INTERSPEECH 2007
8th Annual Conference of the International Speech Communication Association

Antwerp, Belgium
August 27-31, 2007

On the Limitations of Voice Conversion Techniques in Emotion Identification Tasks

R. Barra, J. M. Montero, J. Macias-Guarasa, J. Gutiérrez-Arriola, J. Ferreiros, J. M. Pardo

Universidad Politécnica de Madrid, Spain

The growing interest in emotional speech synthesis urges effective emotion conversion techniques to be explored.
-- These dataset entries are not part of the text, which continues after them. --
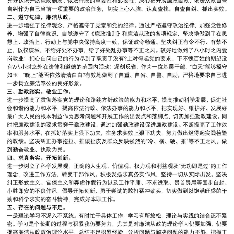 2021黨員個人廉潔自律自查自糾報告精選模板包含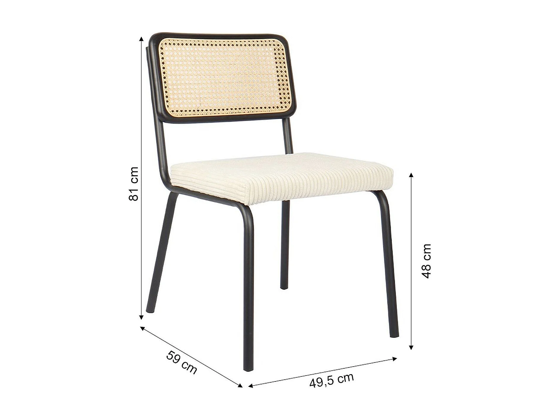 Lot de 2 chaises en métal et bois noir, cannage naturel et velours côtelé beige - Paula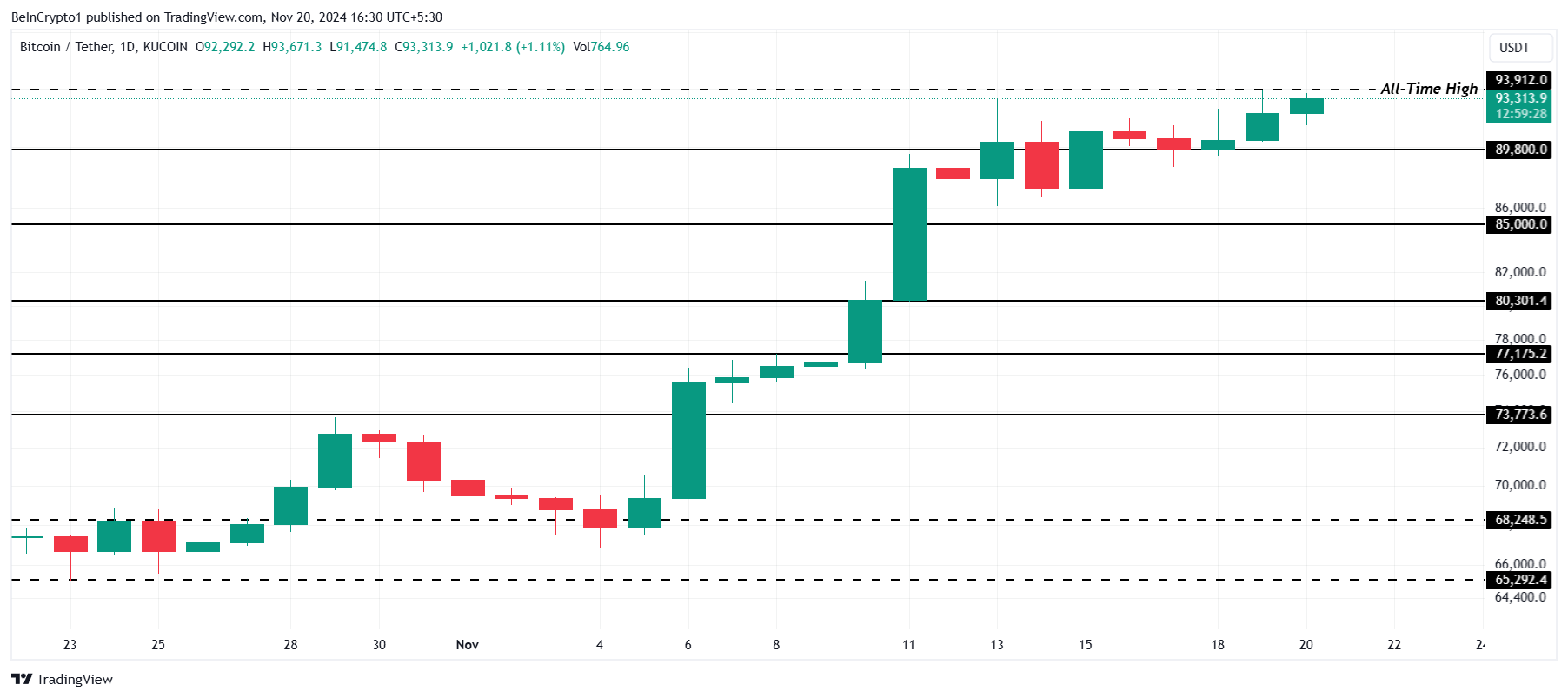 Nagte-trade ngayon ang Bitcoin sa $93,313, bahagyang mas mababa sa kamakailang all-time high nito na $93,912. Nalampasan ng bagong ATH na ito ang dating record na naitala noong nakaraang linggo, muling pinasigla ang interes ng mga investor at nagpapakita ng tibay sa patuloy na rally. Ang bahagyang pagbaba pagkatapos ay nagpapakita ng dynamic na price action ng Bitcoin sa gitna ng masiglang market activity.

This paper estimates the relevance of three speech components (spectral envelope, residual excitation and prosody) for synthesizing identifiable emotional speech, in order to be able to customize voice conversion techniques to the specific characteristics of each emotion. The analysis has been based on a listening test with a set of synthetic mixed-emotion utterances that draw their speech components from emotional and neutral recordings. Results prove the importance of transforming residual excitation for the identification of emotions that are not fully conveyed through prosodic means (such as cold anger or sadness in our Spanish corpus).

Full Paper

Bibliographic reference.  Barra, R. / Montero, J. M. / Macias-Guarasa, J. / Gutiérrez-Arriola, J. / Ferreiros, J. / Pardo, J. M. (2007): "On the limitations of voice conversion techniques in emotion identification tasks", In INTERSPEECH-2007, 2233-2236.